В погребе было прохладно, но теплее, чем на улице. Саша страстно хотел горячего чаю, или — даже сильнее — вина, которое стояло здесь же, рядом, на полках — только протяни руку. Но, конечно, попросить не решился. Кроме поблескивающих бутылок вина, на полках — отдельных — располагалось вяленое мясо. Свет был неярким: лампочка в сорок ватт светила из последних, угасающих сил.
— Ну, — голос режиссера обрел твердость и набрал обычную громкость, — вот теперь — приветствую!
Он тепло обнял Сергея: «Доброй ночи!
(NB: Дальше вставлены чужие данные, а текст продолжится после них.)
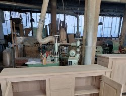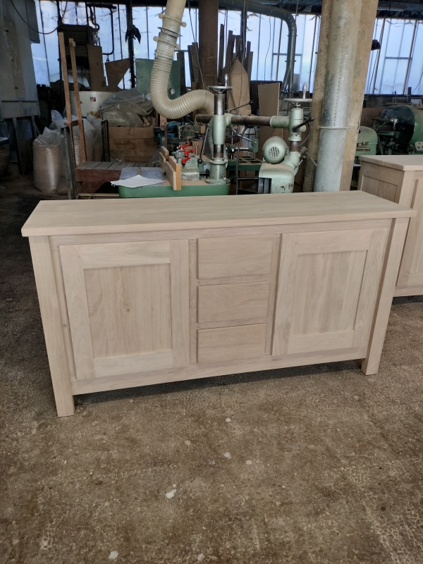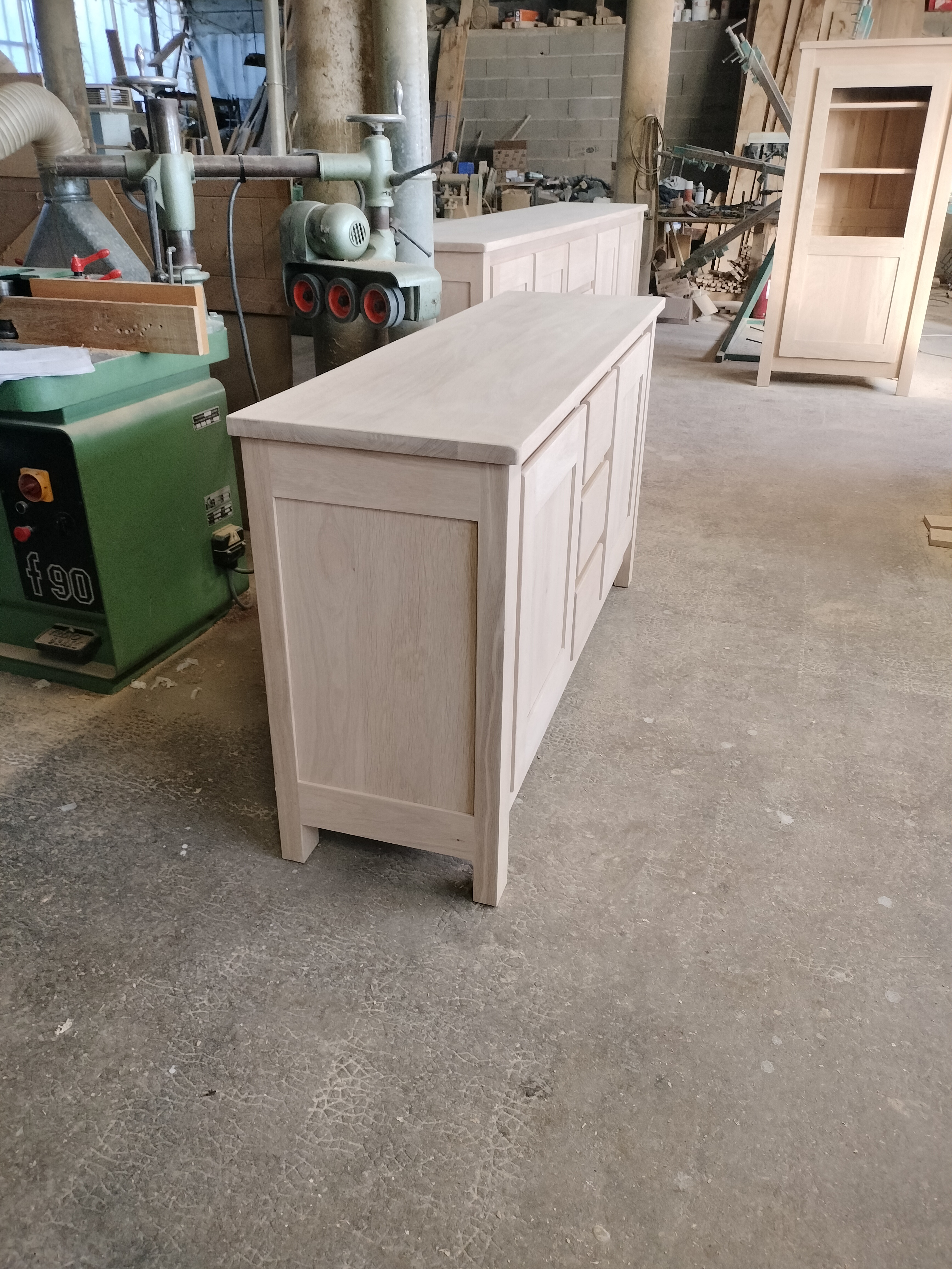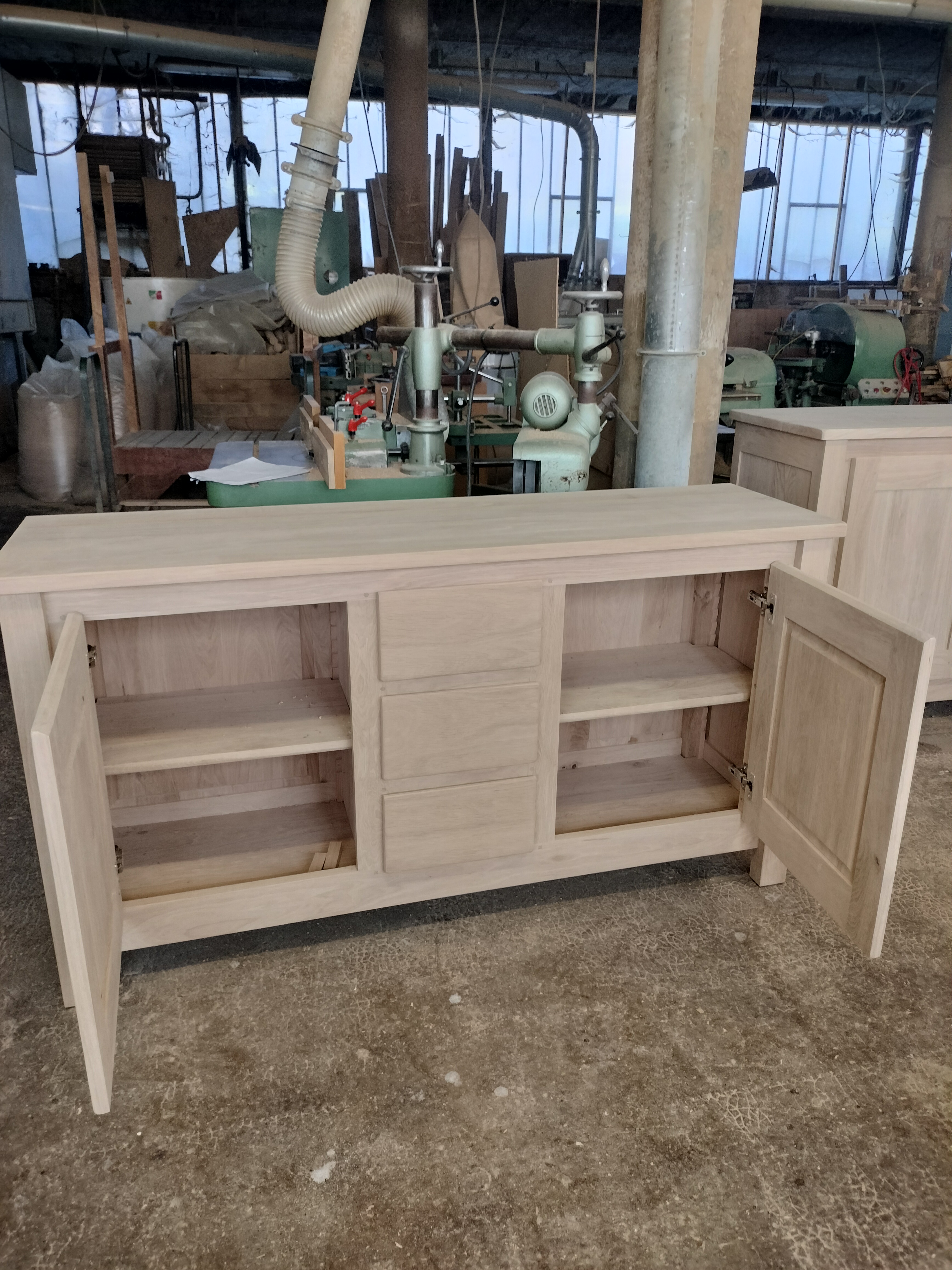 Bahut bas moderne 2 portes 3 tiroirs ouvertures par chanfreins. 2 rayons sur crémaillère. Long 1.70 haut 0.90 prof 0.47. 100% chêne massif.

Доброй творческой ночи!» Подал руку Александру: «Дорогая моя, выглядишь на все тринадцать!» — «Вы знаете, — парировал Саша, — даже в тринадцать лет девушке может быть неприятно, когда упоминают ее возраст». — «Он держит удар! — радостно сообщил Сильвестр ведущему актеру. — И кто же первым спросит — почему я позвал вас в столь поздний час? Или, если следовать ритму шекспировского стиха — в час столь поздний?.. Я все искал, я все решал — как должна пройти первая встреча Ромео и Джульетты? И подумал — а может, вы сыграете первую встречу голыми?»
Александр метнул взгляд на Сергея, увидел, как задумчиво его чело, и тут же, как хамелеон, стал впитывать флюиды его задумчивости. Уже через пятнадцать секунд перед режиссером стояли два артиста, меланхолически погруженные в парадоксальную привлекательность его предложения.
— А что? Можно попробовать, — нарушил тишину Сергей. — Но, простите, что я сразу об этом говорю, публика впервые увидит меня в таком виде, а потому гонорар…
Сергей упомянул о гонораре исключительно из гонора. Для него самым важным было — играть. Но для поддержания статуса напомнил, что он создание высокооплачиваемое. А уж в голом виде и вовсе может рассчитывать на сверхдоходы. Режиссер его желание признал законным.
— Безусловно, Сережа, безусловно!
— Быть может, возникнет художественный контраст: возвышенный шекспировский стих и наша прозаическая обнаженность? — собрался с духом и вставил что-то искусствоведческое Александр.
— И к тому же эта обнаженность намекнет на обнаженность душ Ромео и Джульетты в момент первой встречи. — Сергей решил, что последнее слово должно все-таки остаться за ним.
Сильвестр захохотал.
— Голубчики! Вот настоящие артисты! Расцеловал бы вас, да в контексте всего сказанного мой порыв можно неправильно истолковать. Ну что, разденетесь на сцене?